The Indenture contains covenants that, among other things, restrict the ability of the Issuer and certain of its subsidiaries to (i) incur additional debt; (ii) pay dividends or distributions on the Issuer's capital stock or redeem, repurchase or retire the Issuer's capital stock or subordinated debt; (iii) issue preferred stock or disqualified stock of the Issuer's restricted subsidiaries, (iv) make certain investments; (v) create liens on the Issuer's or its subsidiary Guarantors' assets to secure debt; (vi) pay dividends or other amounts to us from the Issuer’s restricted subsidiaries that are not guarantors of the Notes; (vii) enter into transactions with affiliates; (viii) merge or consolidate with another company; and (ix) sell assets, including capital stock of the Issuer and its subsidiaries. These limitations are subject to a number of important qualifications and exceptions.
The Indenture contains customary Events of Default (as defined in the Indenture), including:
· | default for 30 days in the payment when due of interest on the Notes; |
· | default in the payment when due (at maturity, upon redemption or otherwise) of the principal of, or premium, if any, on, the Notes; |
· | failure by At Home III or its subsidiaries to comply with their other obligations under the Notes, the Indenture or the security documents, subject to notice and grace periods; |
· | payment defaults and accelerations with respect to certain other indebtedness of At Home III and certain of its subsidiaries; |
· | specified events involving bankruptcy, insolvency or reorganization of At Home III or certain of its subsidiaries; |
· | failure by At Home III or certain of its subsidiaries to pay certain final judgments; |
· | a guarantee of At Home II or a significant subsidiary of the Issuer ceases to be in full force and effect in any material respect, or any such Guarantor denies or disaffirms in writing its obligations under the Indenture, any guarantee or any security document, subject to notice and grace periods; and |
· | other than in connection with satisfaction of the obligations under the Indenture or release of collateral in accordance with the terms of the applicable Indenture, (i) a security interest with respect to certain collateral ceases to be valid and perfected or is declared invalid or unenforceable, subject to notice and a grace period, or (ii) At Home III or a Guarantor asserts in a pleading in any court of competent jurisdiction that any security interest securing the Notes is invalid or unenforceable. |
Upon an Event of Default, the Trustee or the holders of at least 30% in aggregate principal amount of the Notes then outstanding may declare all the Notes to be due and payable immediately. In the case of Events of Default relating to bankruptcy, insolvency or reorganization of the Issuer, all outstanding Notes will become due and payable immediately without further action or notice.

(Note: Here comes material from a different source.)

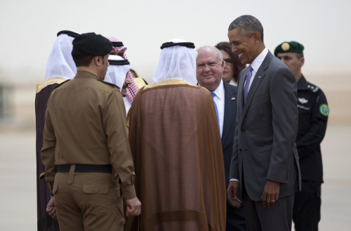 20日,美国总统奥巴马抵达沙特,参加海湾国家峰会。引人注目的是,在机场迎接他的,是利雅得地方政府的官员,而不是以往的沙特国王。与此同时,沙特国家电视台也未像此前的访问一样,播出奥巴马抵达当地的画面。

The above description of the Indenture and the Notes is a summary only and is subject to, and qualified entirely by, the Indenture and the Notes, which are filed as Exhibits 4.1 and 4.2, respectively, to this Current Report on Form 8-K and incorporated herein by reference.
Wells Fargo Bank, National Association is the Trustee under the Indenture and the Collateral Agent under the Indenture and the security documents related thereto, and has been appointed by the Issuer as registrar and a paying agent with regard to the Notes. In addition, Wells Fargo Bank, National Association, or an affiliate thereof, also acted as initial purchaser in the offering of the Notes, is a lender under the ABL Facility and, from time to time, performed, and may in the future perform, various commercial and investment banking and financial advisory services for us and our affiliates, for which they received or may in the future receive customary fees and expenses.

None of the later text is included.